The unhinged and maddening Michael Fassbender also had to go to another place to flesh out his character of Edwin Epps. Grossly overlooked for Oscar contention when he last worked with McQueen on Shame as a crumbling sex addict, his work in 12 Years a Slave will not be forgotten this time around. Fassbender had the task to make Epps's embroiling inhumanity as powerful and rooted as Ejiofor made Solomon's steadfast humanity and courage. The final surprise discovery here among the two male leads is Lupita Nyong'o as Patsey, in her feature debut enlisted by McQueen straight out of her 2012 graduation from the Yale School of Drama. Her anguish is alarming and absorbing. She too might find her way to the Dolby Theater stage with Ejiofor and Fassbender.
It takes a special level of performance to pull off this difficult story in 12 Years a Slave. Performances that convince the truth and emotion involved must have layers and scope beyond the tendency to make one-note, simple characters. We've seen the proud and petulant slave before. We've seen the stereotypical racist overseer before. The cast here had to go further and did. It is by their extraordinary dedication and effort that the Solomon Northrup story rises from obscurity to resonating legend going forward. Tackling a true first-person account such as this is worth a dozen fictional Uncle Tom's Cabin imitators. One wishes Extremely Loud and Incredibly Close could have went the true story route with 9/11 two years ago over a fictional frame. 12 Years a Slave truly feels like a movie people will look back on for years to come as a watershed moment in truthful and faithful storytelling and performance.

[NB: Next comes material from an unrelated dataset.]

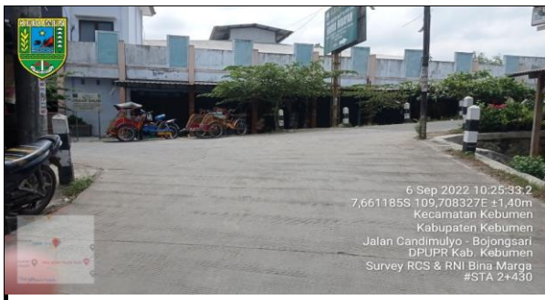
FOTO SURVEY KONDISI JALAN TAHUN 2022

Jl. HM. Sarbini No. 37 Kebumen Telp. 0287-381128 Fax. 0287-382821

LESSON #1: WHEN ONE’S EXCEPTIONAL TALENTS CEASE TO MATTER-- Solomon's own first lesson in preserving his survival is not admitting his education and trained talents to everyone he encounters. He learns very quickly that no one will believe his kidnapping story and that he will be punished at the bold claim of being free. Furthermore, an educated slave is perceived as a threat and inciting influence that is treated differently and harshly, meaning that for as special as he is, his talents cease to matter in this brutal setting.
LESSON #2: THE COURAGE TO LIVE INSTEAD OF JUST SURVIVE-- There is a quiet internal power that Solomon carries with him through his forced indentured servitude. He is constantly advised by his peers how to selfishly survive and leave his past life behind. Solomon bends to the needs of survival by not revealing his true name, talent or family, but never loses the courage to live instead of just survive. For a time, that gifted fiddle comforts him. Solomon knows his rightful place is returning to his freedom and family. He refuses to let that life go.
LESSON #3: NOT FALLING INTO DESPAIR WHEN SURROUNDED BY NOTHING BUT DESPAIR-- The emotion of despair is central to 12 Years a Slave. The lifestyle of slave workers is shackled as much by despair as it is by chains and the lashing end of a whip. The cruel work and control of their masters and property owners slowly extinguishes the scarce hope and connections they had as real men and women over time. With little possible chance for escape, refuge, or freedom, slaves on hard plantations before the Civil War had very little to live for, even to the point where having each other meant nothing and only added to the despair. Like living over survival, this is another feeling Solomon refuses to accept.